You can thus see in modern neoliberal politics the same old triangular tension between a central power, decentralized oligarchs, and the people in between.

Bringing Back Kings

This is not to say bring back kings, but just that such an idea is sayable. Some third force needs to fill out the power triangle, otherwise it becomes straight oppression. That force could be a 'populist' leader, or a 'dictatorship of the proletariat,' or a one-party state. The idea is that something needs to push back on oligarchic elites, and electing your oligarchic mascot won't do. Choosing between two clans both corrupted by the same oligarchs is marketed as freedom, but they're just lying to you. The question one always has to ask is freedom for whom?

The fact is that every form of democracy has in groups and out groups and old Aristotle clearly saw them as forms of class struggle. As his translator William Ellis, A.M. said, “When we come to Aristotle's analysis of existing constitutions, we find that while he regards them as imperfect approximations to the ideal, he also thinks of them as the result of the struggle between classes.
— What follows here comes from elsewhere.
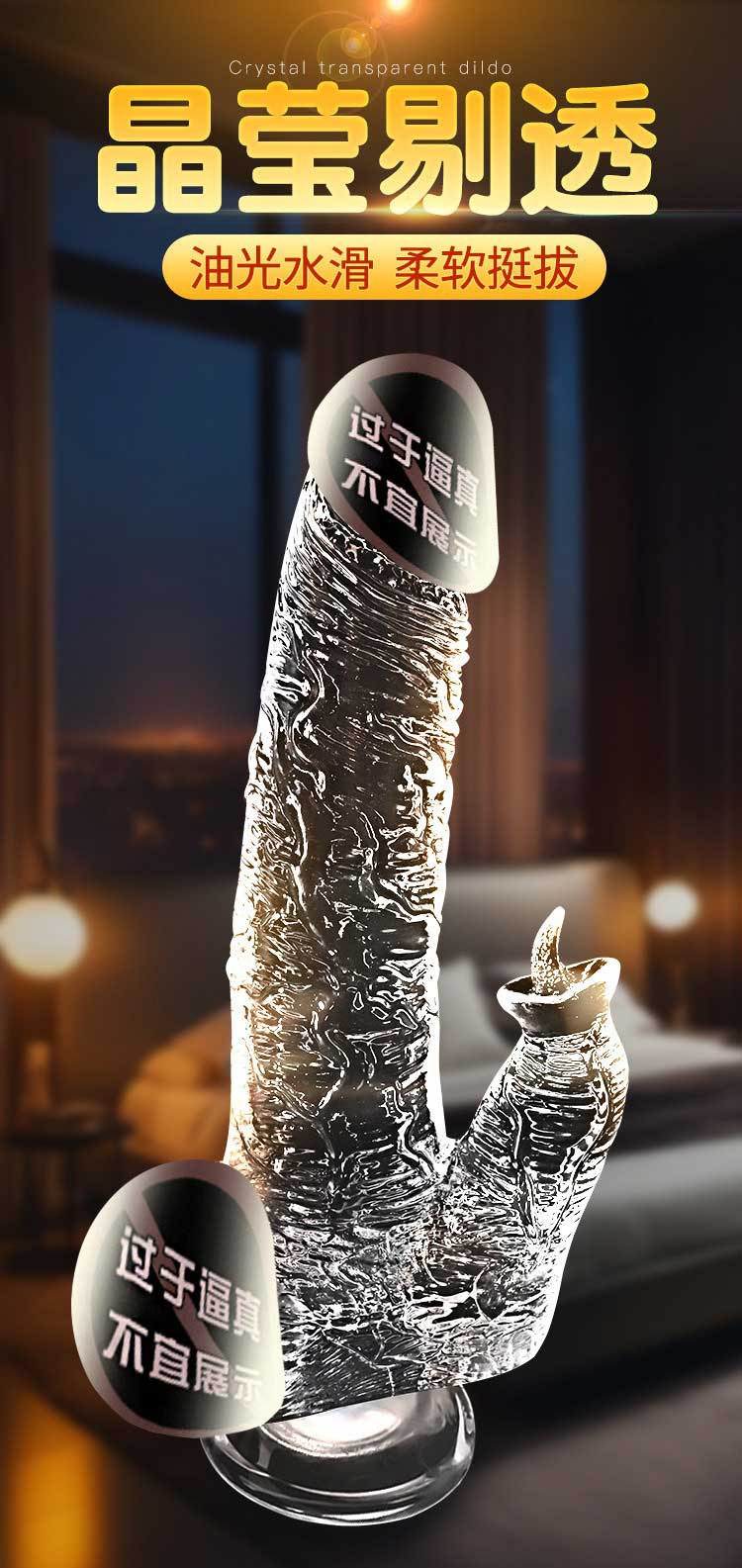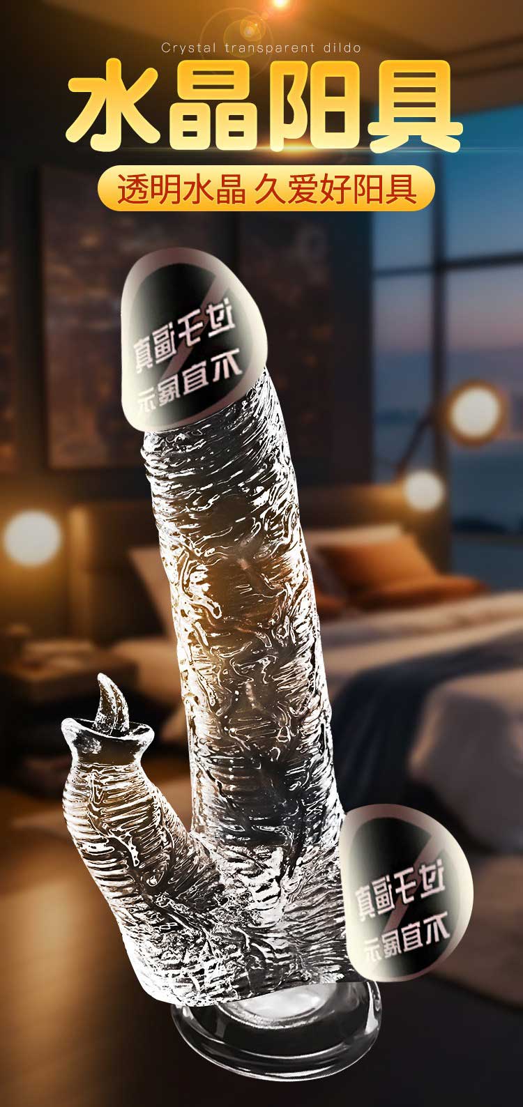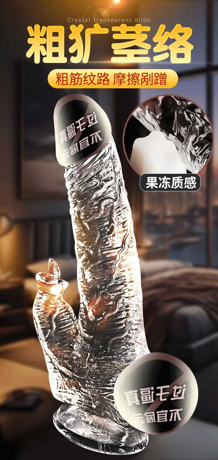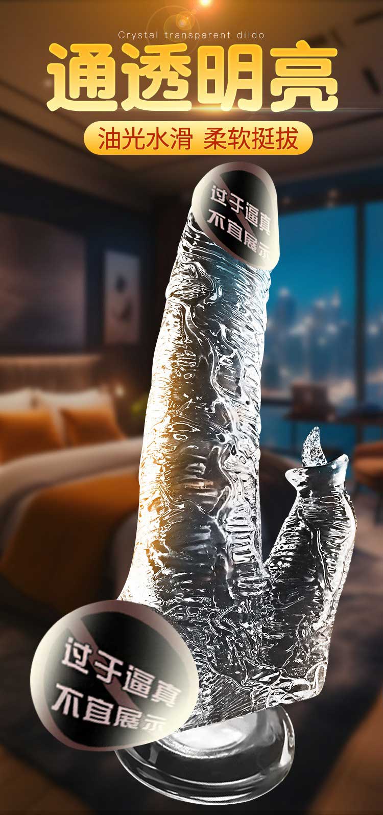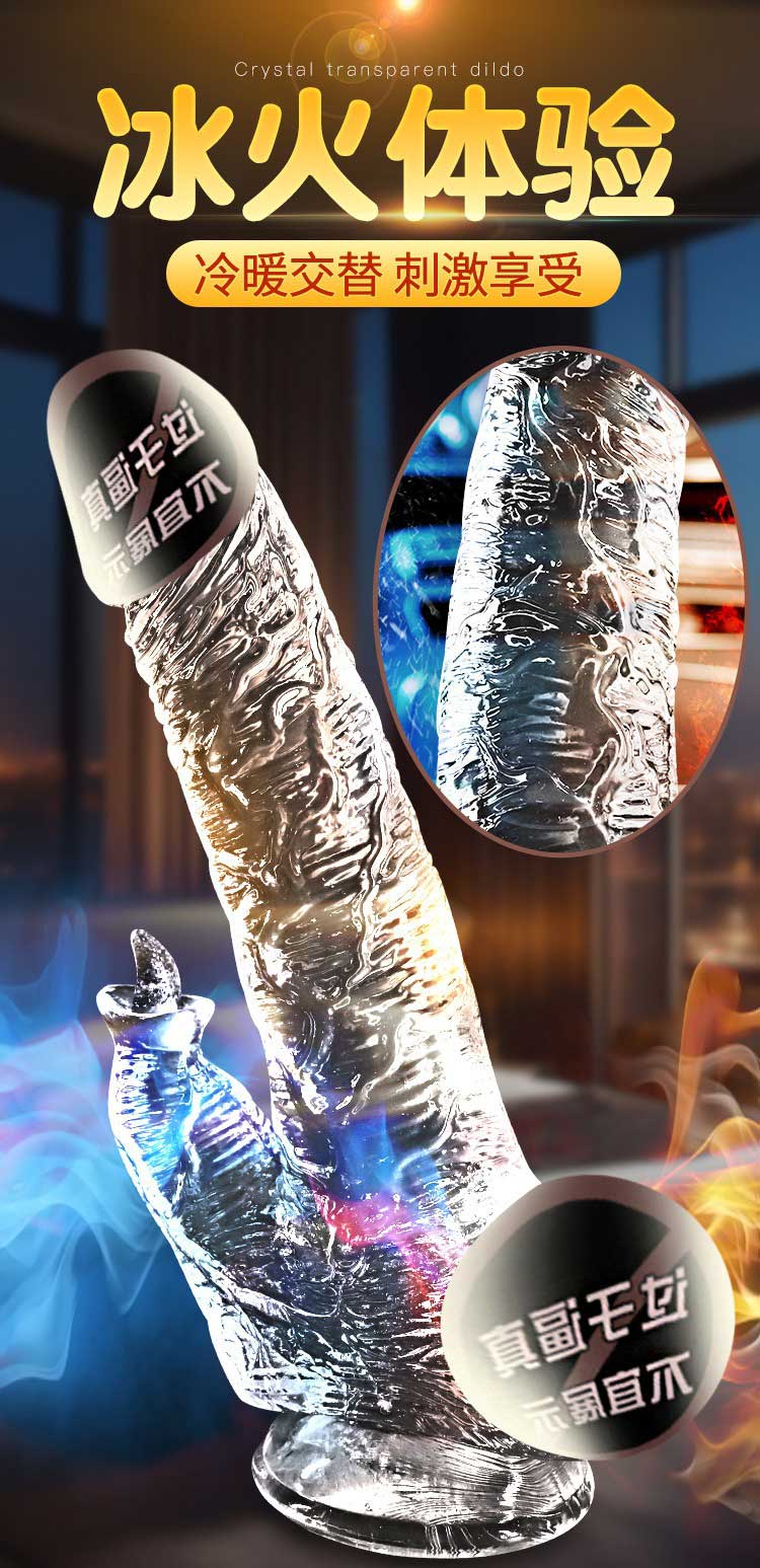 仿真手动水晶透明阳具 水滑通透 柔软舒适

Democracy, he explains, is the government not of the many but of the poor; oligarchy a government not of the few but of the rich. And each class is thought of, not as trying to express an ideal, but as struggling to acquire power or maintain its position.”

The real problem is the mental model, which depicts power as a line that one revolution flipped, and now no more revolutions are required. In fact, power is a constant struggle between classes trapped in what I call the triangle of power.